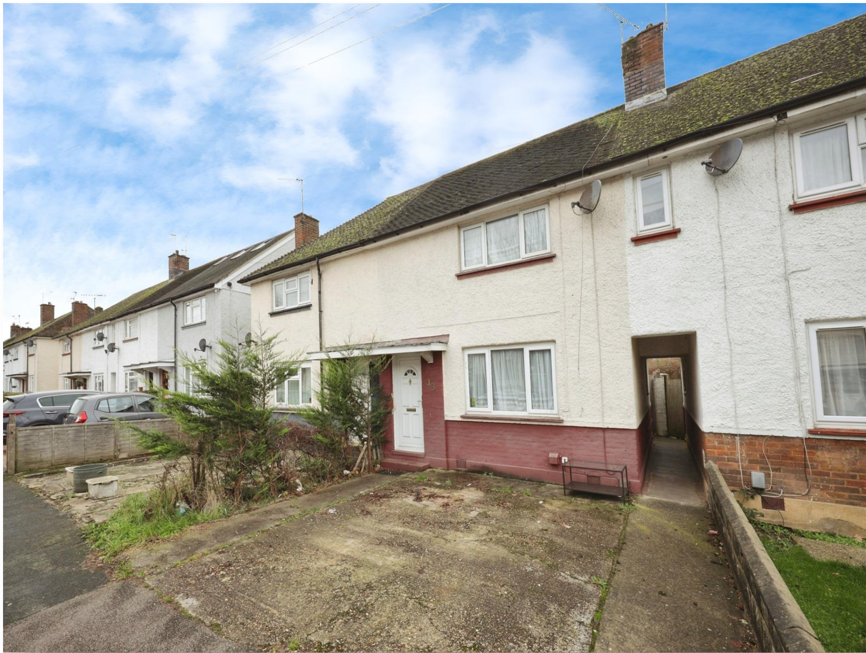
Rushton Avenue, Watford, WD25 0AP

··········

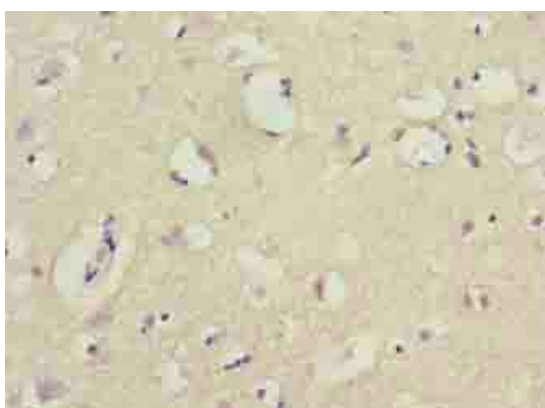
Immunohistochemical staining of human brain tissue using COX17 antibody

··········

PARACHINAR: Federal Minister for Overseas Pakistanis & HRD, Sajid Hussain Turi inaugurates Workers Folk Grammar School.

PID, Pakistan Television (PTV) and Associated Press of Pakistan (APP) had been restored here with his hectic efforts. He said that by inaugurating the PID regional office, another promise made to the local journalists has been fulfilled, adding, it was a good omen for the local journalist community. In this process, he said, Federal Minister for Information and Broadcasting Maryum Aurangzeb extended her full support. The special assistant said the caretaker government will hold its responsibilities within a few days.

··········

▸ **Required action**:
Tally the lines of the data that include the word "Minister". Reply with the number only.

▸ **Answer space**:
2